Y'UV is a color space typically used as part of a color image pipeline. It encodes a color image or video taking human perception into account, allowing reduced bandwidth for chrominance components, thereby typically enabling transmission errors or compression artifacts to be more efficiently masked by the human perception than using a "direct" RGB-representation. Other color spaces have similar properties, and the main reason to implement or investigate properties of Y'UV would be for interfacing with analog or digital television or photographic equipment that conforms to certain Y'UV standards.

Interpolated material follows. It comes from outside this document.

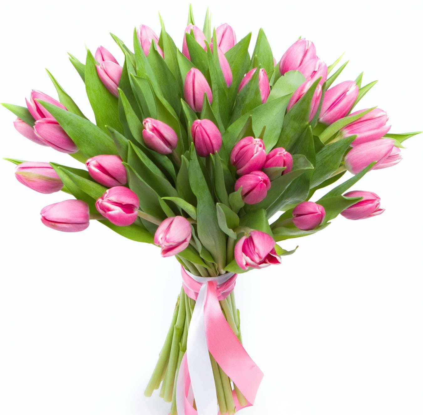 Букет состоит из 35 розовых тюльпанов, прозрачная упаковка, атласная лента.

The scope of the terms Y'UV, YUV, YCbCr, YPbPr, etc., is sometimes ambiguous and overlapping. Historically, the terms YUV and Y'UV were used for a specific analog encoding of color information in television systems, while YCbCr was used for digital encoding of color information suited for video and still-image compression and transmission such as MPEG and JPEG. Today, the term YUV is commonly used in the computer industry to describe file-formats that are encoded using YCbCr.

The Y'UV model defines a color space in terms of one luma (Y') and two chrominance (UV) components. The Y'UV color model is used in the NTSC, PAL, and SECAM composite color video standards. Previous black-and-white systems used only luma (Y') information. Color information (U and V) was added separately via a sub-carrier so that a black-and-white receiver would still be able to receive and display a color picture transmission in the receivers native black-and-white format.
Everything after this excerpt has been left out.